22 December 2014

Iguana with the Tongue of Fire (1971)
92 min.
Directed by Riccardo Freda.
With Anton Diffring, Valentina Cortese, Luigi Pistilli, Dagmar Lassander, Dominique Boschero, Werner Pochat, Renato Romano.
Here, Director Riccardo Freda serves up a wantonly sleazy - but also shamefully dreary - giallo.

Set in Dublin, a young woman's maimed body is found in the trunk of the Swiss Ambassador's car, her throat slashed and her face eaten away by acid.

Police detective John Norton (Pistilli) is assigned to investigate the case. But he soon finds his workload growing, as the unknown killer continues his bloody rampage of terror and bodies begin to pile up across the city.

Could the Ambassador's sexy daughter Helen (Lassander) somehow be involved with the slayings? Or how about the politico's disgruntled, depressed wife (Cortese)?

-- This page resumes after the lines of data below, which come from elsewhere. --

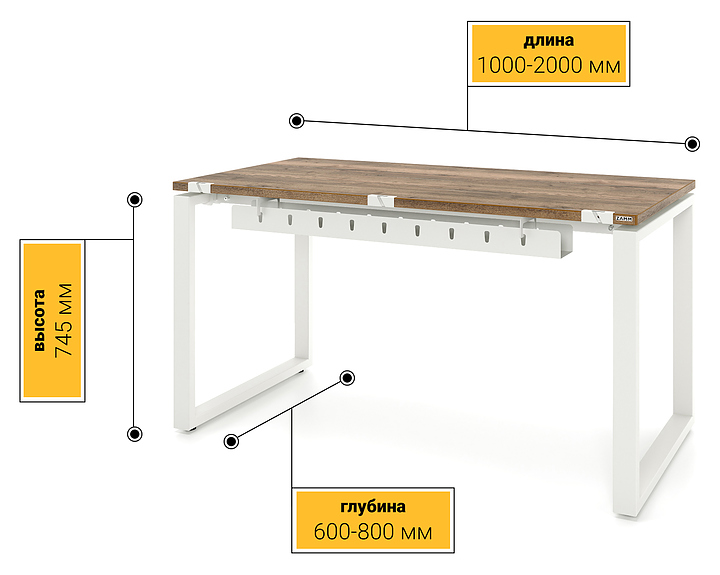 Прямой офисный стол ZAMM 60х30 серии Зета ТР используется для организации рабочего пространства в офисных помещениях. Коллекция отличается современным дизайном и сочетает в себе стиль и функциональность, создавая современное офисное пространство, стимулирующее продуктивность. Модель оснащена столешницей прямоугольной формы и О-образной опорой с подпятниками для компенсации неровностей пола. Каркас выполнен из холоднокатаной стали с покрытием белого цвета, столешница - из высококачественной ламинированной древесно-стружечной плиты (ЛДСП) с поверхностью цвета дуб галифакс олово. В комплект поставки входят 3 пропуска для проводов (слева, по центру, справа), с их помощью можно с легкостью менять конфигурацию расположения устройств на столе, а также съёмный кабель-канал, позволяющий удобно и быстро проложить провода от розетки до сетевого фильтра (пилота), который питает все устройства на столе. Особенности:
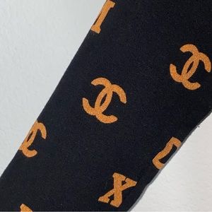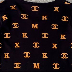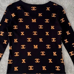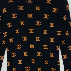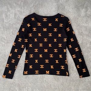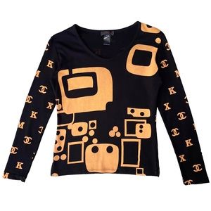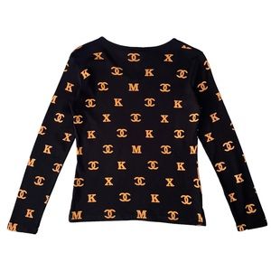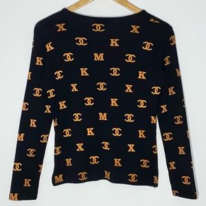 2 S Custo Barcelona Chanel Logo Black Bronze Long Sleeve V Neck Tee Shirt Top
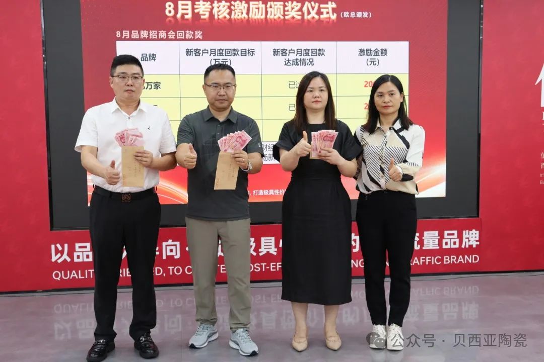 對(duì)標(biāo)先進(jìn)添干勁,凝聚合力謀發(fā)展。成績(jī)的取得離不開全體銷售人員的辛勤付出和團(tuán)隊(duì)的緊密協(xié)作。會(huì)議上,對(duì)8月優(yōu)秀個(gè)人及團(tuán)隊(duì)進(jìn)行了表彰并現(xiàn)場(chǎng)發(fā)放現(xiàn)金獎(jiǎng)勵(lì)。表彰先進(jìn),樹立標(biāo)桿,激揚(yáng)著大家汲取榜樣力量,凝聚起上下同心、決戰(zhàn)決勝強(qiáng)大合力,為品牌的發(fā)展作出新的更大貢獻(xiàn)。
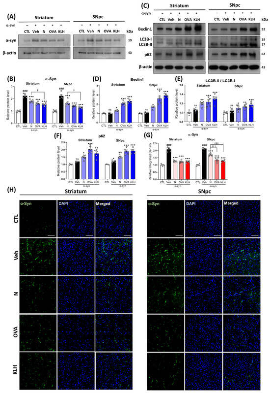 Epitope treatment reversed the α-syn and autophagy levels in the brain. (A,B) Western blot analysis showing the expression of α-syn in the striatum and SNpc (n = 5 per group). (C–F) Western blot analysis showing the expression of autophagy-related markers, i.e., (D) beclin-1, (E) LC3B-II/I, and (F) p62 in the striatum and SNpc (n = 5 per group). (G,H) Immunofluorescence staining measuring the expression of α-syn (green) co-stained with DAPI (blue) in the striatum and SNpc (n = 5 per group). Scale bar present 50 μm. Comparisons: # control (CTL) with saline-treated (Veh) α-syn-induced PD model; * Veh group with epitope treated group [non-carrier protein (N) and carrier-protein (OVA and KLH); † Non-carrier protein (N) with carrier protein (OVA and KLH). Data are presented as mean ± SEM. */† p < 0.05, ** p ≤ 0.01, ###/***/††† p ≤ 0.001, and non-significant (ns).
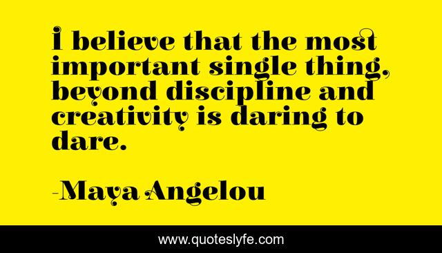 This page presents the quote "I believe that the most important single thing, beyond discipline and creativity is daring to dare.". Author of this quote is Maya Angelou. This quote is about courage, bravery,.
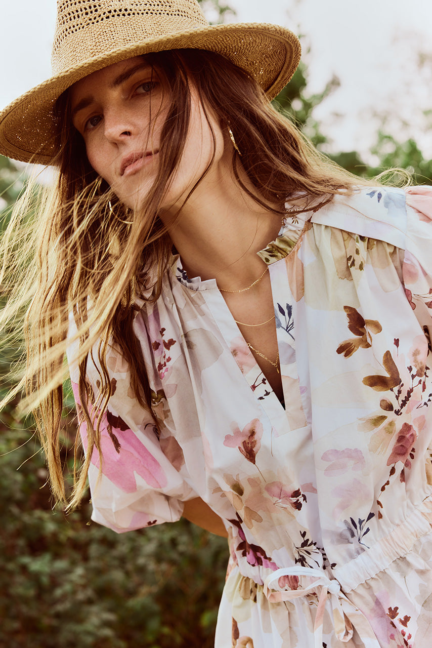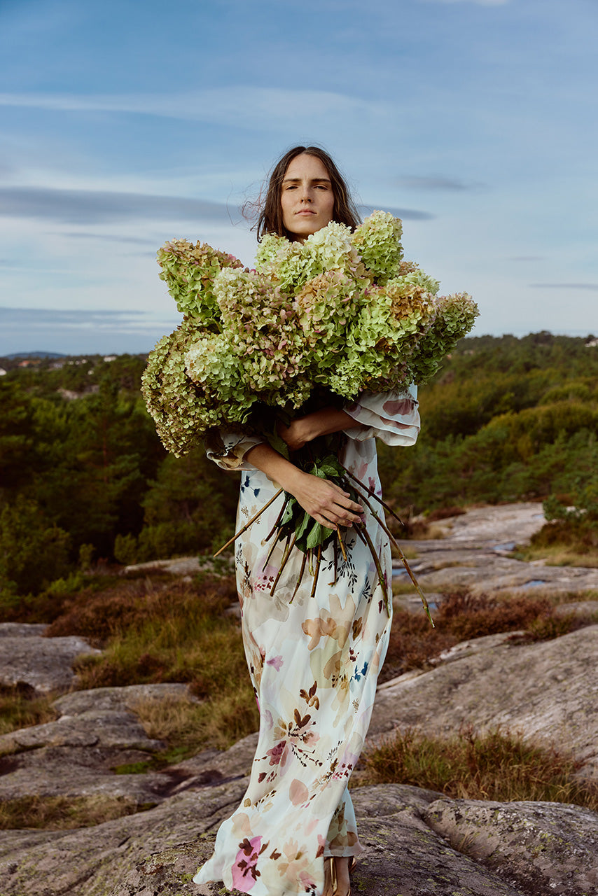 Den fineste og deiligste kjolen fra norske Katrin Uri. Denne er helt nydelig i printet med masse vår farger på creme bunn. God erm som er deobbel foret. V-hals og litt rynker på skuldre. Kjolen har belte i livet og såklart lommer i sidene. Dette er en midi kjole.
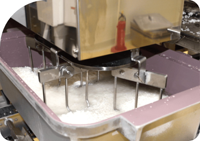 洗米後のお米を浸漬・水切りし、炊飯釜への充填・注水作業も全自動で行ないます。
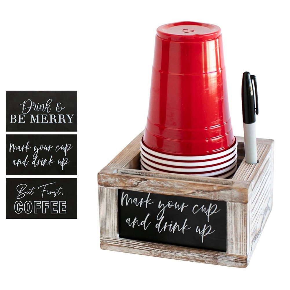 Porte-Gobelet en Bois avec Inscription « Marquez Votre Tasse et Buvez » - O2596

The bewildering storyline features many of the typical giallo conventions, but there are way too plot holes and loose ends that will leave you running for your score card.

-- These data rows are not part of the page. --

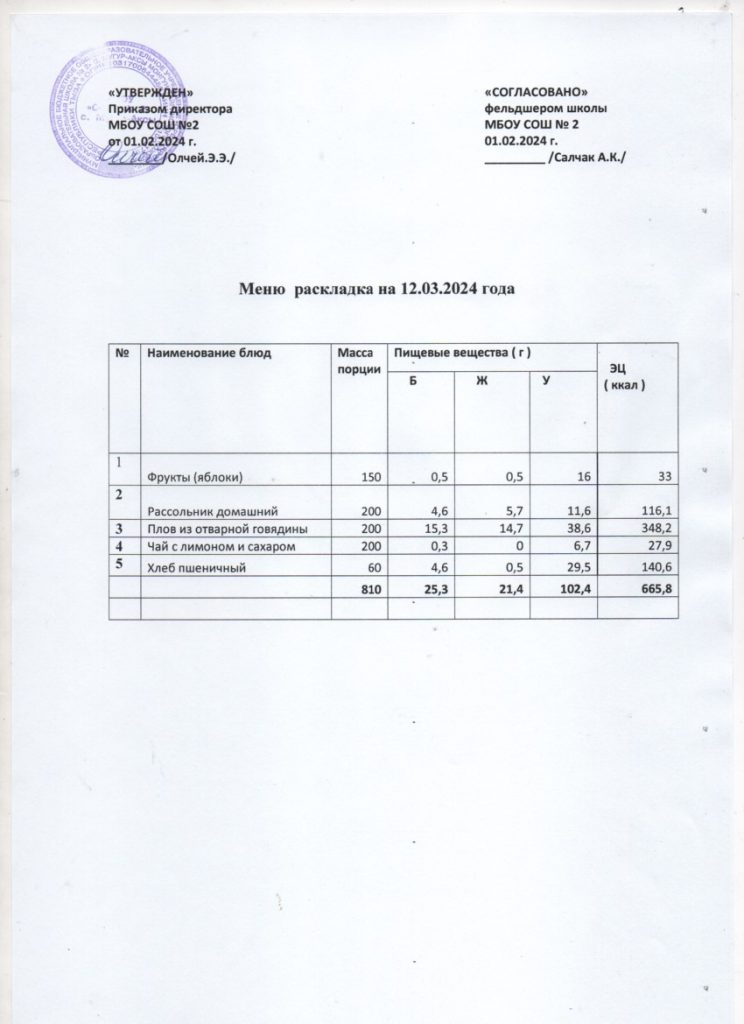 Контрольное меню на 12.03.2024
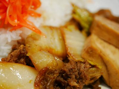 【すき焼きとカレーのWプレート】すき焼きの肉は他のすき焼きメニューを作る際に出た余りのボロボロ、パサパサ肉の寄せ集め。切り落としやこま切れの範疇にすら入らない本物の「クズ肉」でした。(※食べログに出ている他メニューの立派な肉と見比べて下さい)寄せ集めと言っても極小サイズがたったの2、3切れ。それに誤魔化して上手く盛っているけど実質糸こんにゃくが主役(^^; 案の定、煮詰まっているのか異常なしょっぱさ。カレーを食べる前にご飯が足りなくなりそうになる。カレーは業務用、社員食堂、学食と全く同じ味。
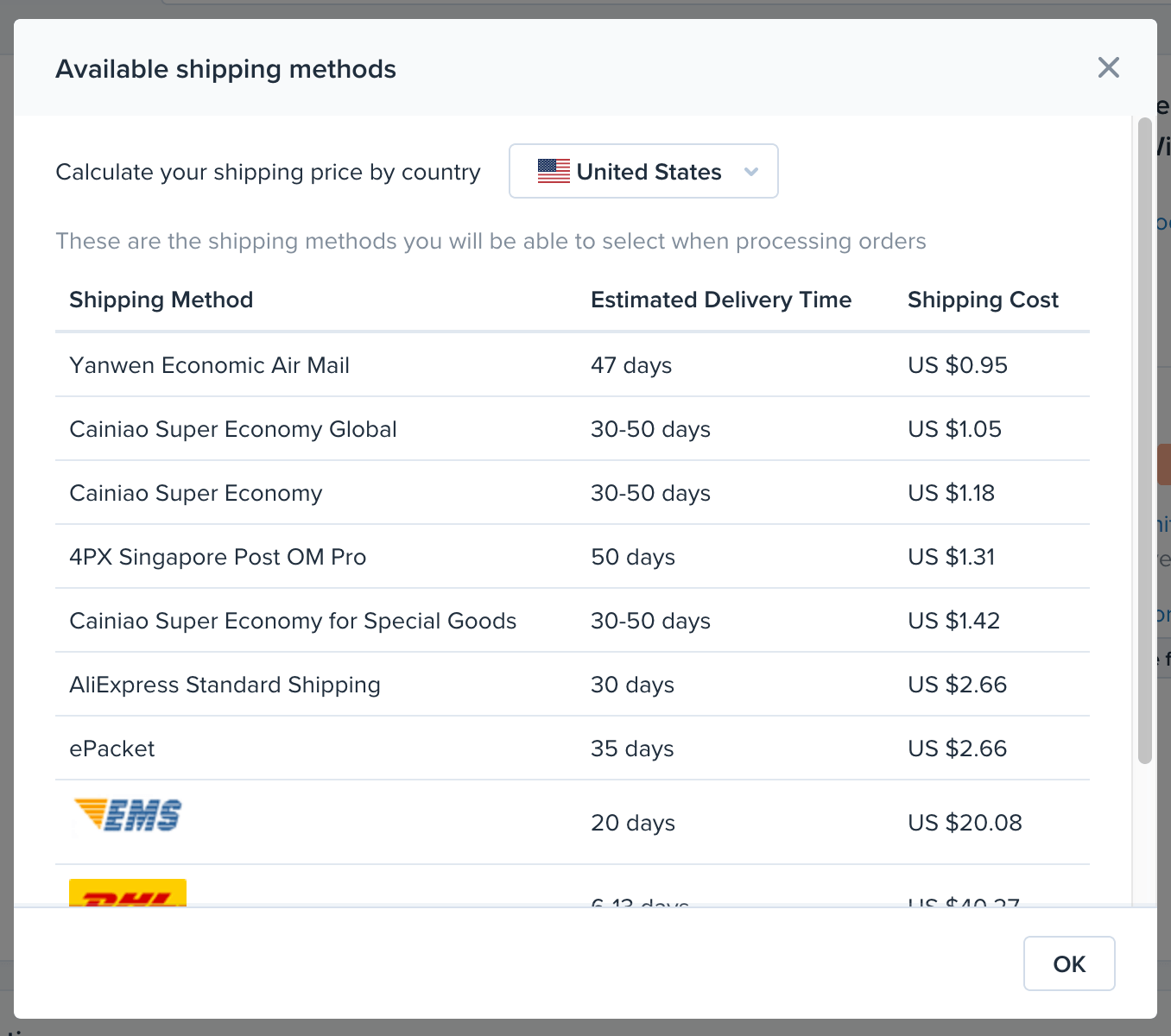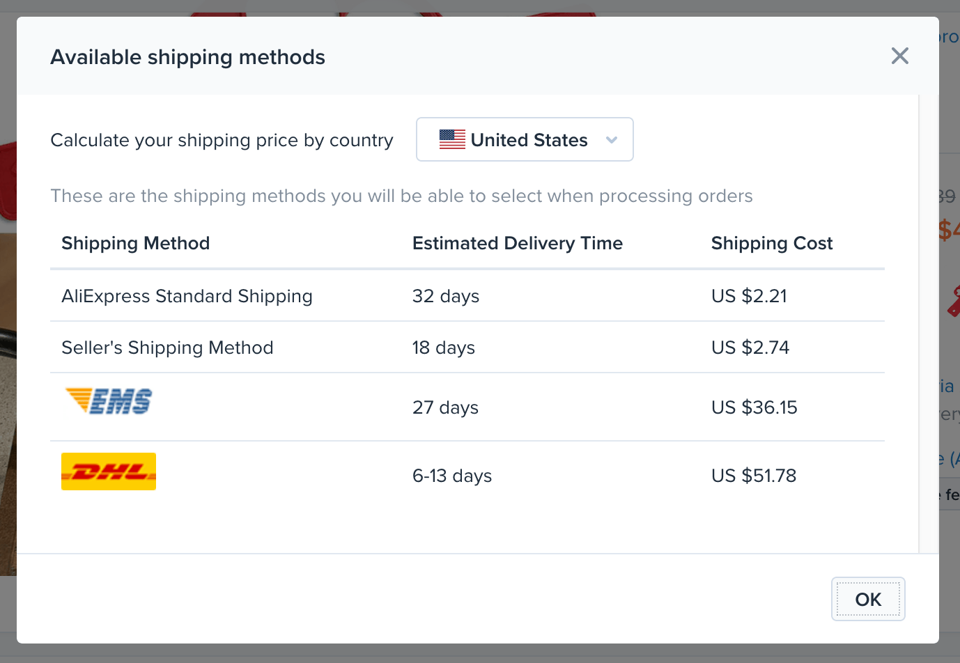 如果你从全球速卖通上发货,你也可以使用他们的发货选项。速卖通标准运输通常是低成本的,有时是免费的,在15到45天内将包裹送到全球各地。

It's true that Freda dots the landscape with heavy doses of the red stuff (he does create a greasy enough mood), but Iguana gets mired in its own pit of oil and never becomes either unique or captivating.

The often lauded Freda (who gave us 1957's I Vampiri and 1962's Horrible Secret of Dr. Hichcock) should have delivered better.

Watchable, but banal.

Italian: L'Iguana dalla lingua di fuoco.